You are viewing a plain text version of this content. The canonical link for it is here.

Posted to user@flink.apache.org by Karthik Deivasigamani <ka...@gmail.com> on 2017/10/06 14:52:38 UTC

Checkpoint was declined (tasks not ready)

Hi,
    I'm noticing a weird issue with our flink streaming job. We use async
io operator which makes a HTTP call and in certain cases when the async
task times out, it throws an exception and causing the job to restart.

java.lang.Exception: An async function call terminated with an
exception. Failing the AsyncWaitOperator.
	at org.apache.flink.streaming.api.operators.async.Emitter.output(Emitter.java:136)
	at org.apache.flink.streaming.api.operators.async.Emitter.run(Emitter.java:83)
	at java.lang.Thread.run(Thread.java:745)
Caused by: java.util.concurrent.ExecutionException:
java.util.concurrent.TimeoutException: Async function call has timed
out.
	at org.apache.flink.runtime.concurrent.impl.FlinkFuture.get(FlinkFuture.java:110)


After the job restarts(we have a fixed restart strategy) we notice that the
checkpoints start failing continuously with this message :
Checkpoint was declined (tasks not ready)

[image: Inline image 1]

But we see the job is running, its processing data, the accumulators we
have are getting incremented etc but checkpointing fails with tasks not
ready message.

Wanted to reach out to the community to see if anyone else has experienced
this issue before?
~
Karthik

Re: Checkpoint was declined (tasks not ready)

Posted by bartektartanus <ba...@gmail.com>.

I've created an issue on Jira and prepared pull request, here's the link:
https://github.com/apache/flink/pull/4924
Travis CI check is not passing but looks like it's not my fault :)




--
Sent from: http://apache-flink-user-mailing-list-archive.2336050.n4.nabble.com/

Re: Checkpoint was declined (tasks not ready)

Posted by Till Rohrmann <tr...@apache.org>.

Yes please open the PR against Flink's master branch. You can also ping me
once you've opened the PR. Then we can hopefully quickly merge it :-)

Cheers,
Till

On Thu, Oct 26, 2017 at 12:44 PM, bartektartanus <ba...@gmail.com>
wrote:

> I think we could try with option number one, as it seems to be easier to
> implement.
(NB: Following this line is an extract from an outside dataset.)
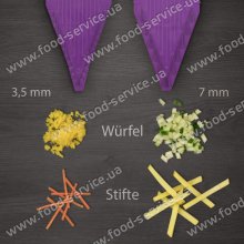 Вставка з ножами 3,5 мм. У двох положеннях робить соломку, брусочки, кубики та ін. Завтовшки 3,5 * 3,5 мм в одному положенні і 3,5 * 1,8 мм у другій позиції.

Currently I'm cloning Flink repo to fix this and test that
> solution with our currently not working code. Unfortunately, it takes
> forever to download all the dependencies. Anyway, I hope that eventually
> will manage to create pull request (today). To which branch? Is master ok?
>
> Bartek
>
>
>
> --
> Sent from: http://apache-flink-user-mailing-list-archive.2336050.
> n4.nabble.com/
>

Re: Checkpoint was declined (tasks not ready)

Posted by bartektartanus <ba...@gmail.com>.

I think we could try with option number one, as it seems to be easier to
implement. Currently I'm cloning Flink repo to fix this and test that
solution with our currently not working code. Unfortunately, it takes
forever to download all the dependencies. Anyway, I hope that eventually
will manage to create pull request (today). To which branch? Is master ok?
 
Bartek



--
Sent from: http://apache-flink-user-mailing-list-archive.2336050.n4.nabble.com/

Re: Checkpoint was declined (tasks not ready)

Posted by Till Rohrmann <tr...@apache.org>.

Hi Bartek,

I think your explanation of the problem is correct. Thanks a lot for your
investigation.

What we could do to solve the problem is the following:

Either) We start the emitter thread before we restore the elements in the
open method. That way the open method won't block forever but only until
the first element has been emitted downstream.

or) Don't accept a pendingStreamElementQueueEntry by waiting in the
processElement function until we have capacity left again in the queue.

What do you think?

Do you want to contribute the fix for this problem?

Cheers,
Till

On Mon, Oct 23, 2017 at 4:30 PM, bartektartanus <ba...@gmail.com>
wrote:

> Ok, looks like we've found the cause of this issue. The scenario looks like
> this:
> 1. The queue is full (let's assume that its capacity is N elements)
> 2. There is some pending element waiting, so the
> pendingStreamElementQueueEntry field in AsyncWaitOperator is not null and
> while-loop in addAsyncBufferEntry method is trying to add this element to
> the queue (but element is not added because queue is full)
> 3. Now the snapshot is taken - the whole queue of N elements is being
> written into the ListState in snapshotState method and also (what is more
> important) this pendingStreamElementQueueEntry is written to this list too.
> 4. The process is being restarted, so it tries to recover all the elements
> and put them again into the queue, but the list of recovered elements hold
> N+1 element and our queue capacity is only N. Process is not started yet,
> so
> it can not process any element and this one element is waiting endlessly.
> But it's never added and the process will never process anything. Deadlock.
> 5. Trigger is fired and indeed discarded because the process is not running
> yet.
>
> If something is unclear in my description - please let me know. We will
> also
> try to reproduce this bug in some unit test and then report Jira issue.
>
>
>
> --
> Sent from: http://apache-flink-user-mailing-list-archive.2336050.
> n4.nabble.com/
>

Re: Checkpoint was declined (tasks not ready)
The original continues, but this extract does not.